**DIRECTIONS:**
Only the lines below starting at the one that contains "Six various bottles" and ending at the one that contains "Funda de Cuero" are to be reproduced, exactly and with both ends kept.

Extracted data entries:
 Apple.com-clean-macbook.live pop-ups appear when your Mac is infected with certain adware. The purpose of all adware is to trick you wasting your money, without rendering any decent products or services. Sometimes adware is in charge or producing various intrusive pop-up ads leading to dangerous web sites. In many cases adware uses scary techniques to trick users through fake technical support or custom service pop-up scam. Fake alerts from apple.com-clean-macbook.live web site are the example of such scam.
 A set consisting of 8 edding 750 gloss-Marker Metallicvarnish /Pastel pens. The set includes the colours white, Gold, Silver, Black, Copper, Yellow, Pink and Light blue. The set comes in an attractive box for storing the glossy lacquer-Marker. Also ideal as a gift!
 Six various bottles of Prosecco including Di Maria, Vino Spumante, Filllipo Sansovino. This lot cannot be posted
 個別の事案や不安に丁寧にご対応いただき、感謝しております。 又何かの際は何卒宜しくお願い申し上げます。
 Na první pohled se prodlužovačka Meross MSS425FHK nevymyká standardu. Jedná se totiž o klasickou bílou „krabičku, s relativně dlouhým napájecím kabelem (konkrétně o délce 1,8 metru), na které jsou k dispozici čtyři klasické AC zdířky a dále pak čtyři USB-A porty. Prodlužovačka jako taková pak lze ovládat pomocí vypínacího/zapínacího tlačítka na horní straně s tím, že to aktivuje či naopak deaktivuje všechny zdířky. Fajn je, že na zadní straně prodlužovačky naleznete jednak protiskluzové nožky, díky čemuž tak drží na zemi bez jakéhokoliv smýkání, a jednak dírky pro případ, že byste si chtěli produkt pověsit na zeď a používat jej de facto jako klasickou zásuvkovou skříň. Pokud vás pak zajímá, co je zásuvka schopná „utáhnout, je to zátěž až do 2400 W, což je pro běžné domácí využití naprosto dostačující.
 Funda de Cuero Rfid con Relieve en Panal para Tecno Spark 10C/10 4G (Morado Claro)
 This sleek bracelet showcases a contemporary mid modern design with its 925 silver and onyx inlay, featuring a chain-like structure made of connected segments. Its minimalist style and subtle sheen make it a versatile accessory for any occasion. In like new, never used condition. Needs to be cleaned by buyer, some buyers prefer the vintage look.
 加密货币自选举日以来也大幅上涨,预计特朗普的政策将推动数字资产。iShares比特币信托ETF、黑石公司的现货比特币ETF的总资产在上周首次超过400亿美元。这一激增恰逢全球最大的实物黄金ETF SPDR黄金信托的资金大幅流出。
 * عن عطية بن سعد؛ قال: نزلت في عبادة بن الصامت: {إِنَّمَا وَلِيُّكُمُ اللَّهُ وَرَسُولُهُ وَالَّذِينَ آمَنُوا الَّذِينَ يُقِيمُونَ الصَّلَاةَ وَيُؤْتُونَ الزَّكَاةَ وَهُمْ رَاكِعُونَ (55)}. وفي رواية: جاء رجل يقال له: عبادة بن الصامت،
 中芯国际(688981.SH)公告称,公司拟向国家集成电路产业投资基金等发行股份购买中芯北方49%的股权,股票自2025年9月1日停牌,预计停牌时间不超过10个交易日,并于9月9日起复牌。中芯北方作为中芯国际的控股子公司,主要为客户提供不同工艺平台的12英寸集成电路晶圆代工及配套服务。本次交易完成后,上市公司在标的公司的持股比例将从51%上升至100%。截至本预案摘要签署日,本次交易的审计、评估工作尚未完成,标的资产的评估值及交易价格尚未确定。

**RESULT:**
 Six various bottles of Prosecco including Di Maria, Vino Spumante, Filllipo Sansovino. This lot cannot be posted
 個別の事案や不安に丁寧にご対応いただき、感謝しております。 又何かの際は何卒宜しくお願い申し上げます。
 Na první pohled se prodlužovačka Meross MSS425FHK nevymyká standardu. Jedná se totiž o klasickou bílou „krabičku, s relativně dlouhým napájecím kabelem (konkrétně o délce 1,8 metru), na které jsou k dispozici čtyři klasické AC zdířky a dále pak čtyři USB-A porty. Prodlužovačka jako taková pak lze ovládat pomocí vypínacího/zapínacího tlačítka na horní straně s tím, že to aktivuje či naopak deaktivuje všechny zdířky. Fajn je, že na zadní straně prodlužovačky naleznete jednak protiskluzové nožky, díky čemuž tak drží na zemi bez jakéhokoliv smýkání, a jednak dírky pro případ, že byste si chtěli produkt pověsit na zeď a používat jej de facto jako klasickou zásuvkovou skříň. Pokud vás pak zajímá, co je zásuvka schopná „utáhnout, je to zátěž až do 2400 W, což je pro běžné domácí využití naprosto dostačující.
 Funda de Cuero Rfid con Relieve en Panal para Tecno Spark 10C/10 4G (Morado Claro)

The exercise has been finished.